On 2 June 2014, Ali was appointed the first ever Deputy Chief Minister of Telangana by Chief Minister K. Chandrasekhar Rao following the party victory in the state's Legislative Assembly election. He shared the post with T Rajaiah.

After the 2018 Telangana Legislative Assembly elections, he shared the post with Kadiyam Srihari.

==Personal life==
He is married to Nasreen Fathima, and has a son and two daughters. Per his election affidavits, he owns a dairy farm, as well as a function hall named ‘Azam Function Hall’, both of which helped him earn a lot of money. In his 2018 election affidavits, Ali declared his movable assets at Rs 1.07 crore, a near 50% jump from his previous affidavit in 2013. His immovable assets also doubled as they stood at Rs 2.2 crore. His wife’s movable assets tripled. Ali has specified that his major source of “income” was through dairy farm, salary as deputy chief minister and “rental” from function hall.

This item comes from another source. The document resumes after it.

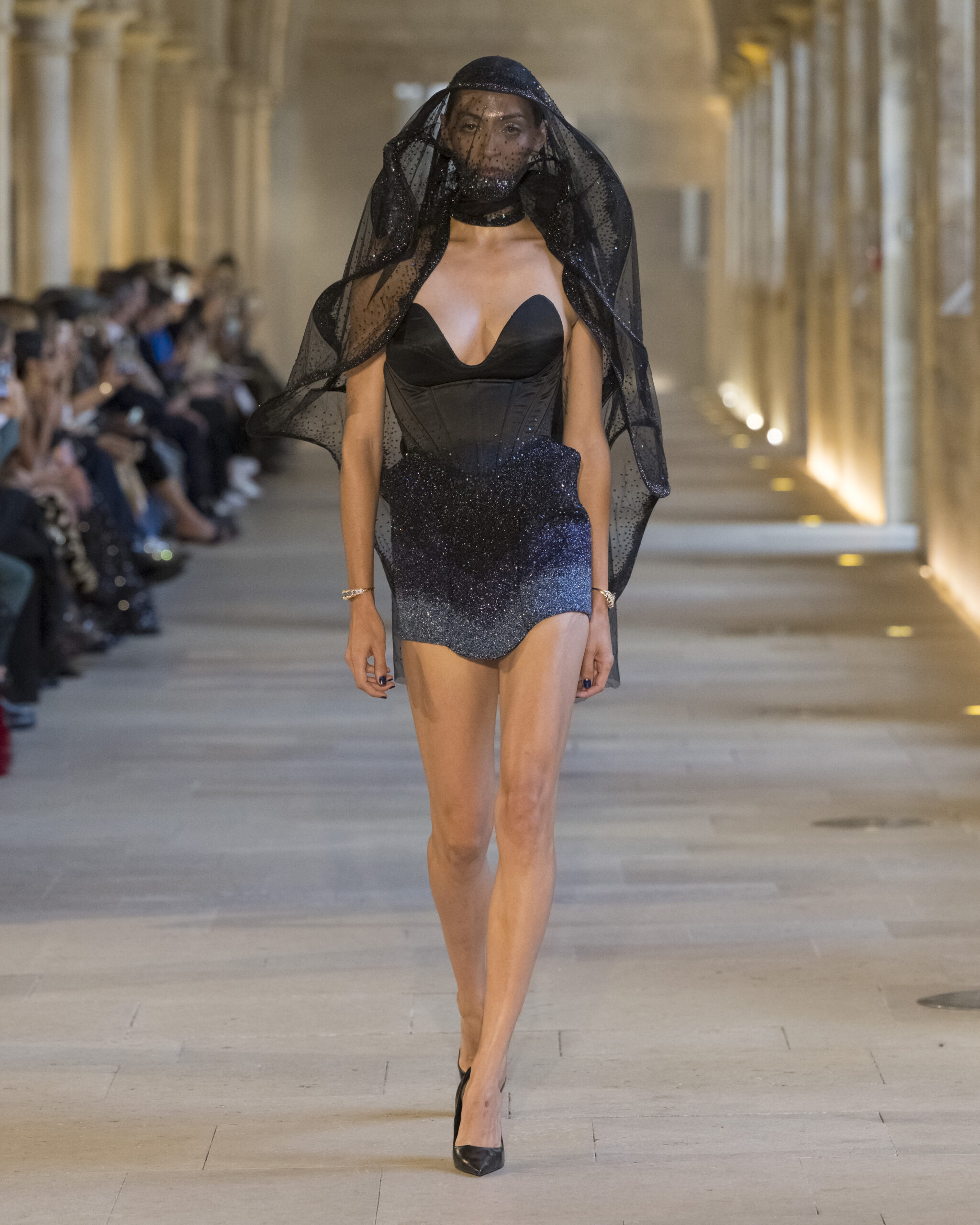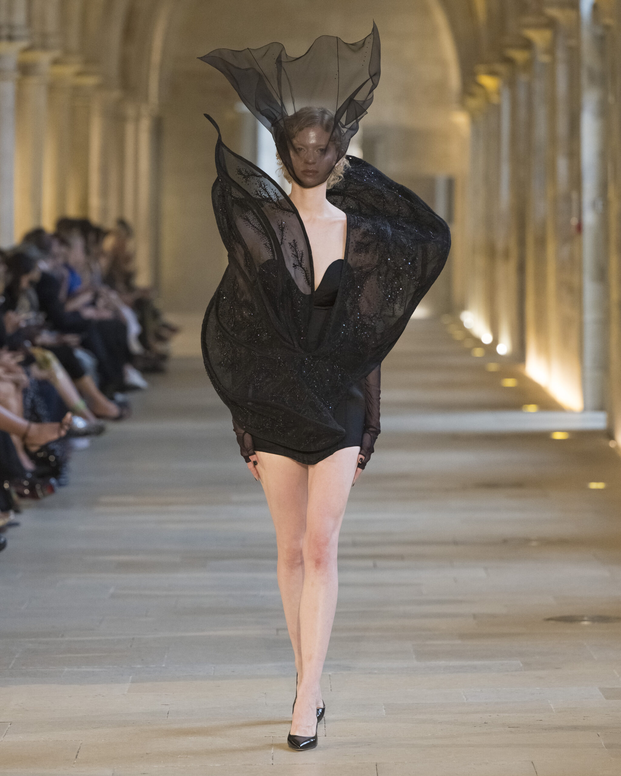 Chapitre Mort : rideau noir absolu, silhouette gommée, seul subsiste un voile opaque de Stephen Jones qui dissout visage, genre, ego.

During the 2024 Republic Day celebrations at the Telangana Bhavan in Banjara Hills, he fainted due to fatigue and was rushed to Apollo Hospital.

== Controversies ==
In 2022, when he was the Home Minister of Telangana, he made a statement saying women wearing short clothes could lead to problems.

In 2023, he slapped his personal security officer for not having a bouquet at hand, when Ali had stepped onto a stage to wish Minister for Animal Husbandry Talasani Srinivas Yadav on his birthday.